Chapter 21. Tumors of the Thoracic Cavity
SECTION A Primary Respiratory Tumors
Leslie E. Fox and Kerry C. Rissetto
Incidence—Morbidity and Mortality
Primary lung tumors are uncommon in dogs and rare in cats but have been diagnosed more frequently in the past decade. 1 Although metastatic neoplasms are far more common than primary lung tumors, carcinomas/adenocarcinomas are the most common histology of tumors originating in the lungs of dogs and cats. 2 They are almost always malignant. Dogs and cats are typically older (average, 9–12 years), but these tumors may occur in young animals. 2
Often dogs have no clinical signs suggesting the presence of a primary lung tumor. 1,2 If dogs are presented for signs referable to the respiratory tract, the most frequent abnormality, seen in 52% to 58% of primary lung tumor patients, is a chronic, nonproductive cough that fails to respond to antimicrobial and symptomatic therapies. 3-5 Other clinical findings may include dyspnea, tachypnea, hemoptysis, and cyanosis, often with inappetence and subsequent weight loss. The original reason for presentation may be less obvious, including lameness caused by hypertrophic osteopathy (HO) (the most common paraneoplastic syndrome), dysphagia, fever, cranial vena cava obstruction leading to head and neck edema, ascites, pleural effusion, spontaneous pneumothorax, and diarrhea. 5 Cats are often symptomatic with dyspnea and/or tachypnea and coughing with or without lethargy, anorexia, and weight loss, but may be presented for only nonrespiratory signs like fever and decreased appetite. 2,6,7 Lameness in cats may be the only presenting clinical sign and is most likely due to lung-digit syndrome, in which metastasis from the primary lung tumor to one or more digits causes pain, swelling, paronychia, and pododermatitis unresponsive to antimicrobial and anti-inflammatory therapies. 8,9 In addition, cats often have serious concurrent illness, but usually do not have feline leukemia or feline immunodeficiency virus infections. 6
Etiology and Risk Factors
Airborne carcinogens probably contribute to the development of lung cancer in cats and dogs, just as they do in people. An association between second-hand smoke and lung cancer has been made for both mesocephalic and brachycephalic breeds, with the hypothesis that a longer nose may confer a protective effect via additional turbinate filtration. 10 There may also be an association between urban environments and the development of these tumors. 3
Diagnosis and Staging
Radiographic evidence of a solitary, well-circumscribed lung parenchymal mass in a middle-aged to older dog or cat raises the suspicion for primary or secondary neoplasms; however, lung tumors can present with almost any radiographic pattern in any age animal. 11,12 Because vascular, lymphatic, and alveolar tumor spread may be simultaneous, primary lung cancer is often observed radiographically as a solitary mass, but also as disseminated multifocal or diffuse parenchymal or interstitial patterns sometimes with lobar consolidation and/or pleural effusion. Abscesses, pneumonia, fungal granulomas, lymphomatoid or eosinophilic pulmonary granulomatosis, hematomas, pulmonary thromboembolism, cysts, bullae, and metastatic lung tumors are differential diagnoses for solitary or multifocal lung masses. Pneumonia, primary and metastatic lung neoplasms, granulomatous diseases and hemorrhage, edema, and fibrosis are differentials for disseminated pulmonary patterns. Multicentric neoplasms that may affect the lung parenchyma simultaneously with systemic abnormalities include lymphoma, malignant histiocytosis, metastatic histiocytic sarcoma (in dogs), and rarely, mast cell tumor (also in dogs).

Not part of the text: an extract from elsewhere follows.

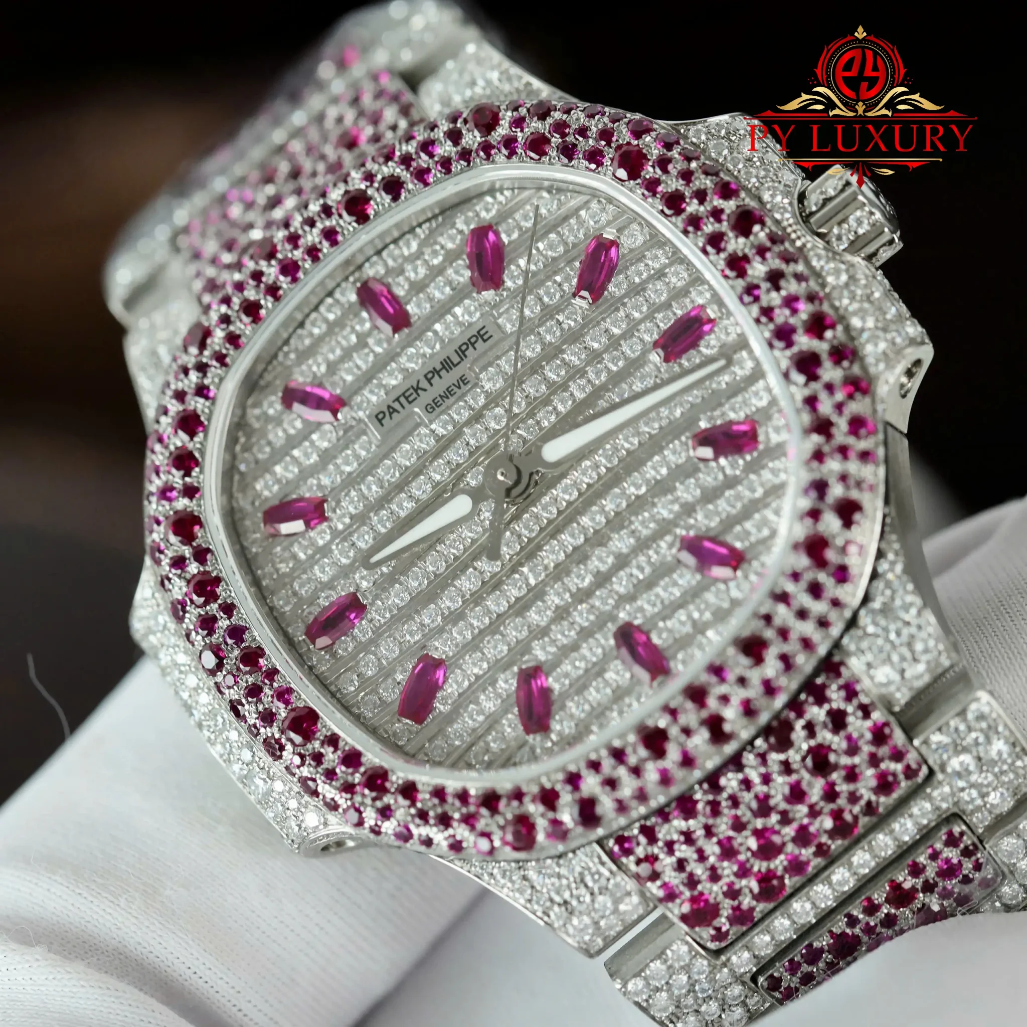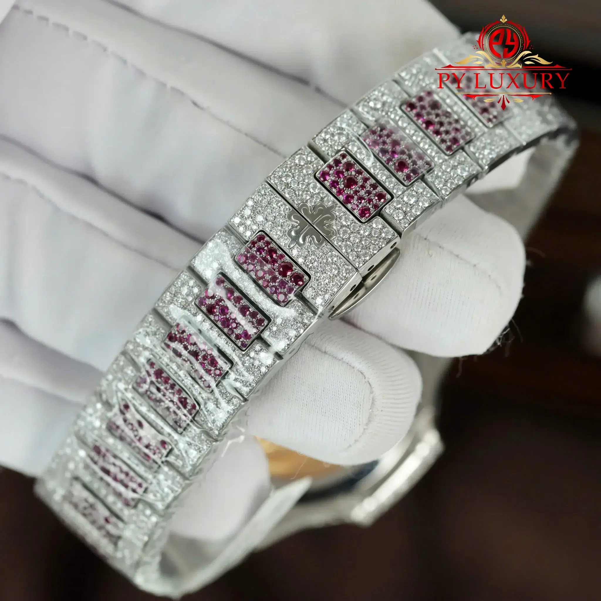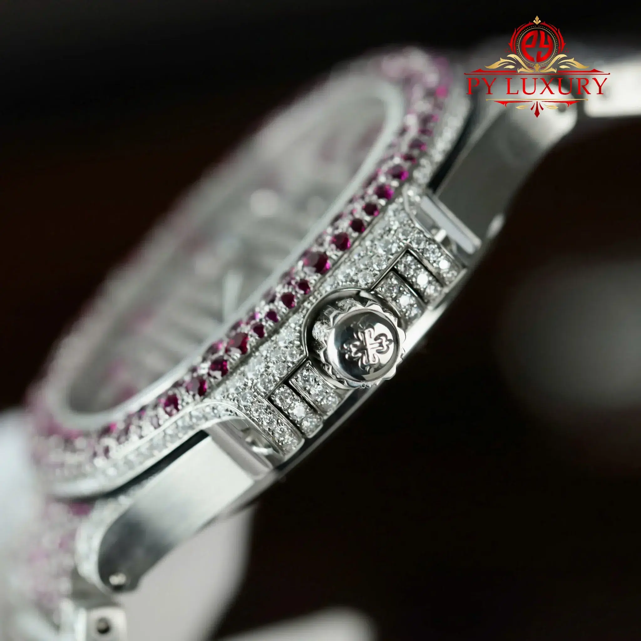 Video of the Patek Philippe Ladies Natilus 7118/1452G-001 Iced Out Moissanite & Rubies Best Replica 35.2mm at Py-Luxury:
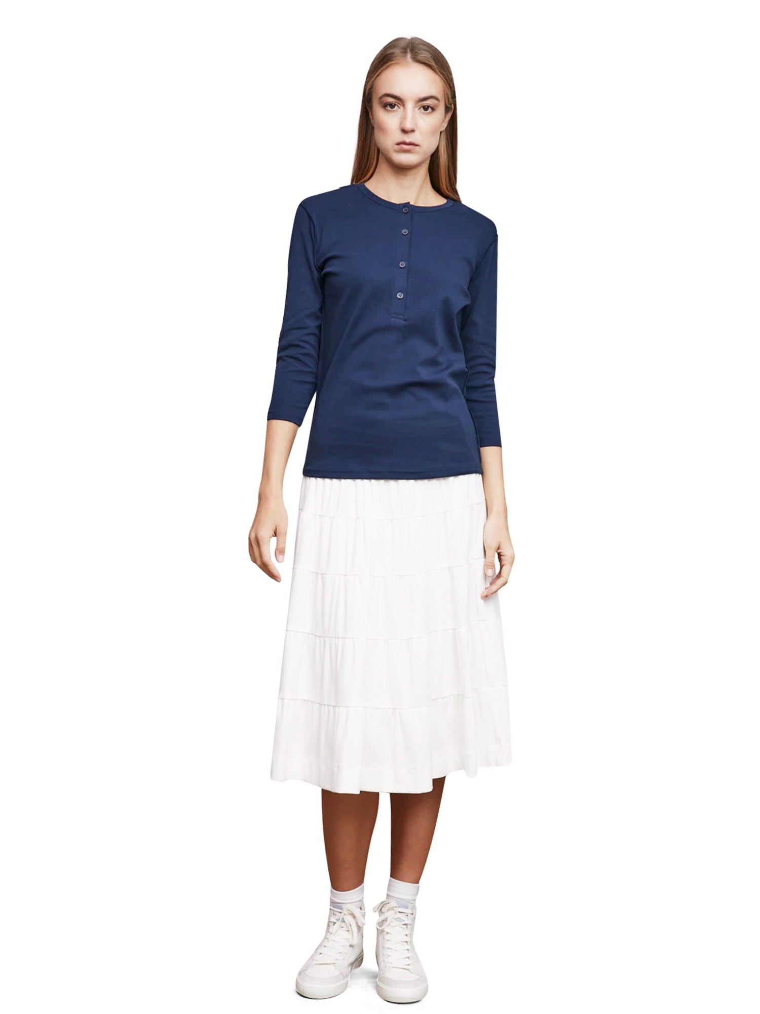 Crewneck 3/4 sleeve tee with exposed stitching Matching skirt available Plus Sizes: 0-3

Presurgical diagnosis of primary lung tumors involves ruling out non-neoplastic and metastatic cancer as causes for the observed radiographic findings with fine needle aspiration and cytology or histopathological examination of a biopsy specimen. A complete blood count including platelet count, serum biochemical panel, urinalysis, and coagulation panel or activating clotting time can be used to assess potential risks of hemorrhage and anesthetic complications and to assess for concurrent illness. Feline leukemia virus antigen, feline immunodeficiency virus antibody, and serum l -thyroxine assays are recommended for cats. Transthoracic fine-needle aspiration (25- or 27-gauge, 1.5-inch needle on a 6-ml syringe) or core biopsy (20-gauge Wescott needle) of peripherally located discrete nodules and tracheobronchial lymph nodes (TBLNs) can be effectively guided using ultrasound, fluoroscopy, or CT. 13,14 In fact, a recent study showed cytologic agreement with histopathology in an impressive 82% of cases. 14 Serious complications are infrequent and mainly include pneumothorax or hemothorax. A repeat thoracic radiograph taken 4 to 8 hours after the procedure or observation overnight is recommended after transthoracic aspiration/needle biopsy.
If a preliminary diagnosis cannot be determined from a cytologic or needle tissue biopsy sample and moderately invasive technique is desired, additional tissue obtained via thoracoscopy or limited thoracotomy will usually help distinguish neoplastic disease from non-neoplastic causes of parenchymal masses. Since surgical excision is the treatment of choice for resectable masses, confirmatory histologic specimens of suspected neoplasms are easily obtained during therapeutic thoracotomy via an intercostal or median sternotomy approach.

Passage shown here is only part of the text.